> _Task instructions_: Your output should consist of the lines from the first line of the records below through the one with "Layered elements and", exactly, minus the pictures.

> _Records supplied_:
——————————
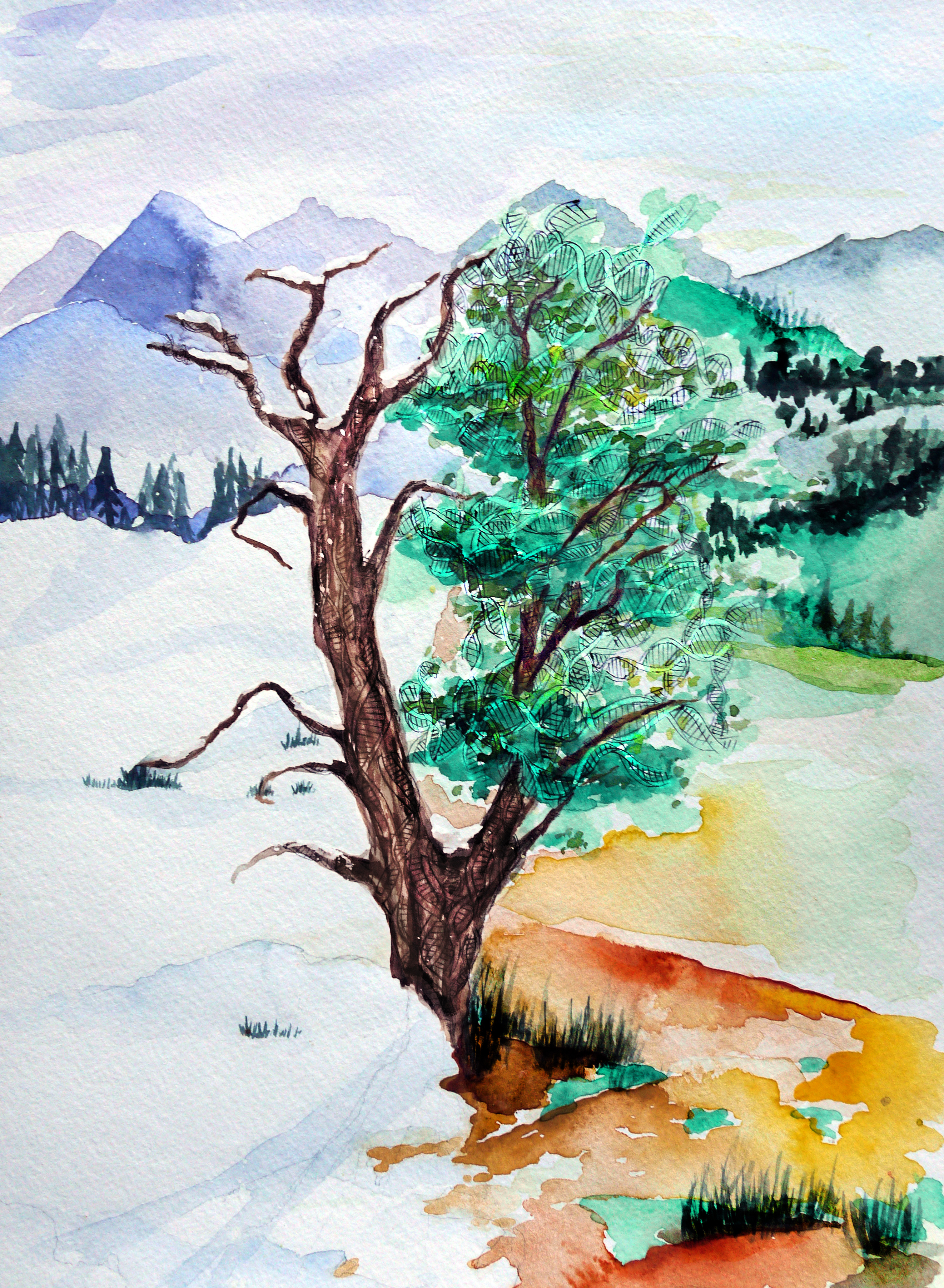FIgure 1: When using the blocker displacement amplification (BDA), DNA variant molecules ‘grow’ at a much faster speed in PCR than wildtype molecules, like tree branches growing in different seasons. The tree represents the exponential amplification of PCR/BDA (both via branching leaves and as an organism that actually grows). The left and right sides of the tree both grow despite the different temperatures, representing the temperature robustness of the BDA amplification.
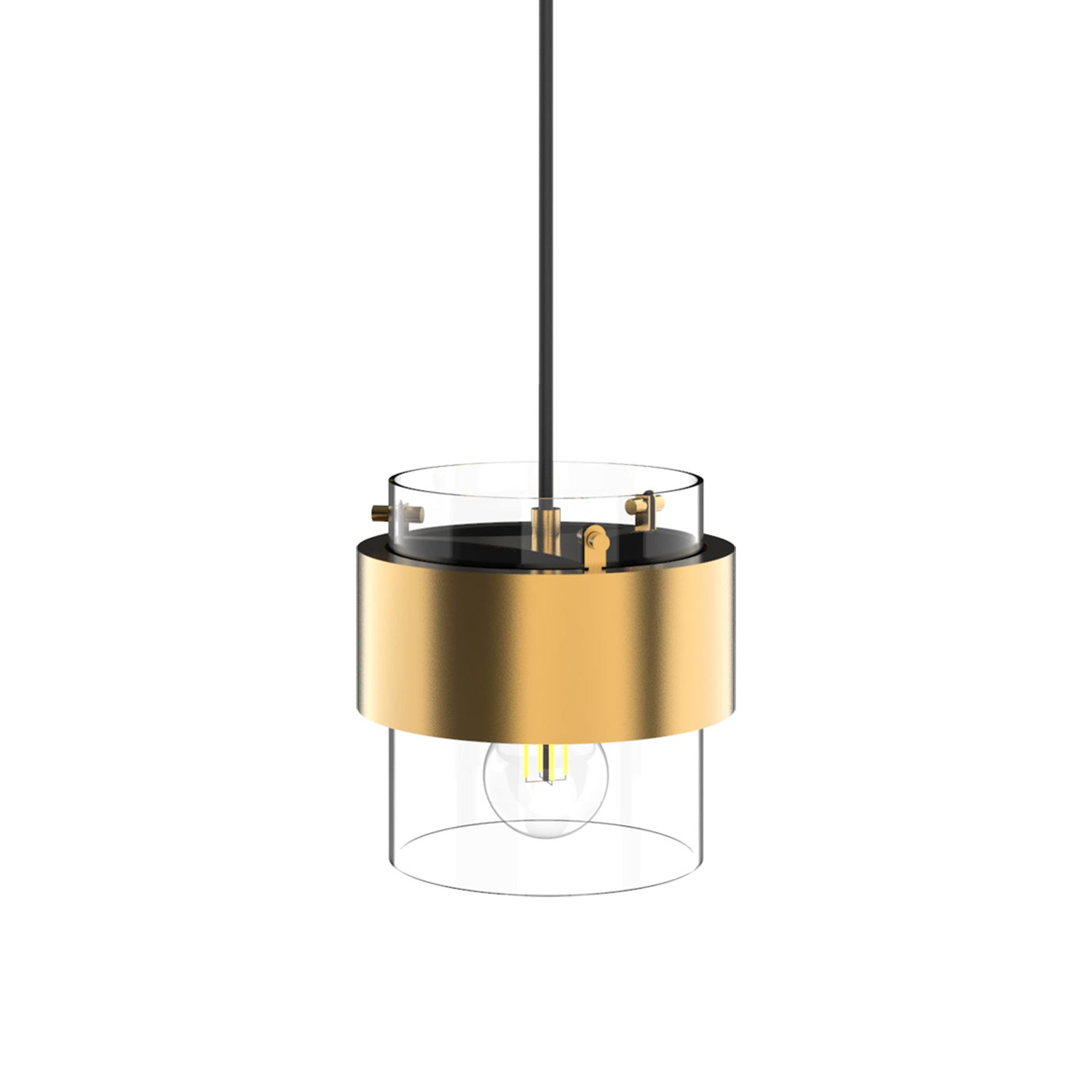 Layered elements and exquisite rivet details transform the P1404 Pendant Light from Vinci Lighting into an elegant modern industrial piece. A wide metal band suspends a cylindrical clear glass globe, revealing a glowing bare bulb inside for a utilitarian meets glam modern vibe.
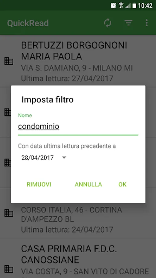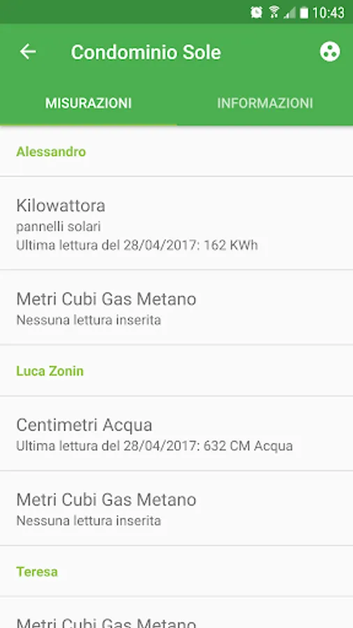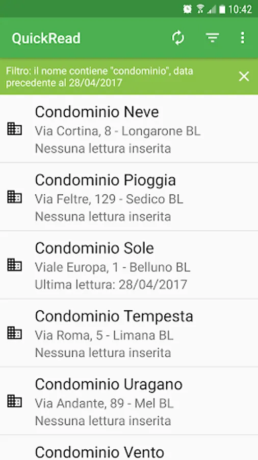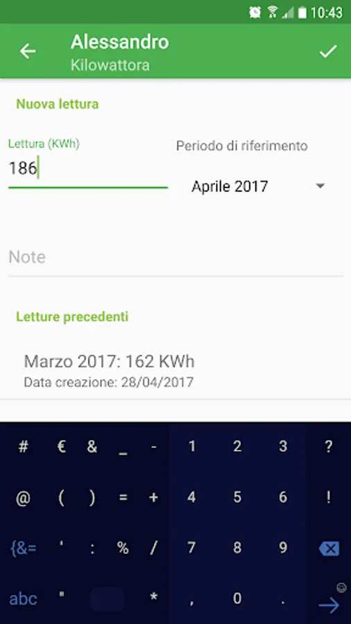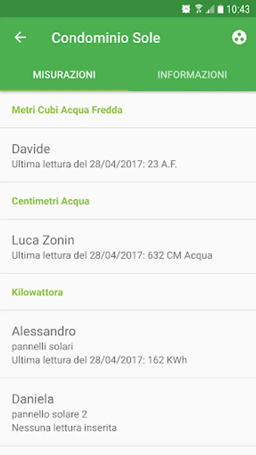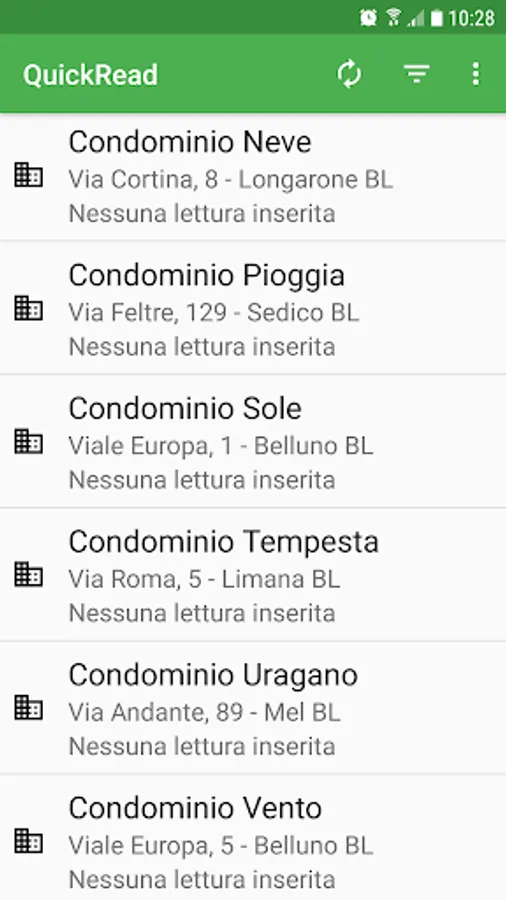 In the app, the meter reader may consult the buildings to visit with progressive previous readings and enter the measured values. They are provided for consistency checks (non-blocking) and the ability to annotate and highlight abnormal situations encountered during operations (eg. Change counter, not detectable reading, etc.).
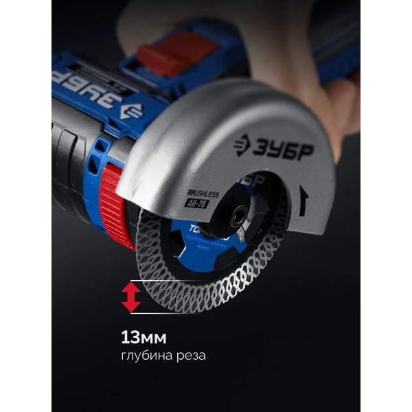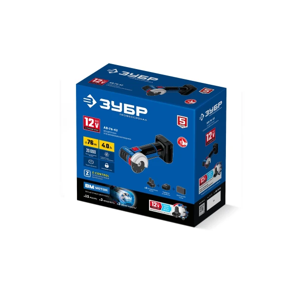 ЗУБР 12 В, D76 мм, 2 АКБ тип Т7 (4 А·ч), бесщеточная УШМ, сумка, Профессионал (AB-76-42)
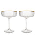 With the stunning clarity of lead-free crystal and a sleek rippled texture, this pair of gold-rimmed stemmed coupes brings understated elegance to any cocktail. This stylish glassware has a subtly contemporary shape that enhances your sipping experience and complements any decor.
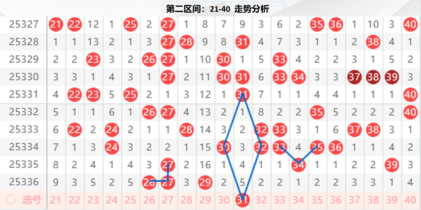 二区分析:【21-40】(走势图标注号码非小黄车大底,请谨慎参考,具体思路将在直播间分享讨论)
——————————
> _Your response_:
FIgure 1: When using the blocker displacement amplification (BDA), DNA variant molecules ‘grow’ at a much faster speed in PCR than wildtype molecules, like tree branches growing in different seasons. The tree represents the exponential amplification of PCR/BDA (both via branching leaves and as an organism that actually grows). The left and right sides of the tree both grow despite the different temperatures, representing the temperature robustness of the BDA amplification.
 Layered elements and exquisite rivet details transform the P1404 Pendant Light from Vinci Lighting into an elegant modern industrial piece. A wide metal band suspends a cylindrical clear glass globe, revealing a glowing bare bulb inside for a utilitarian meets glam modern vibe.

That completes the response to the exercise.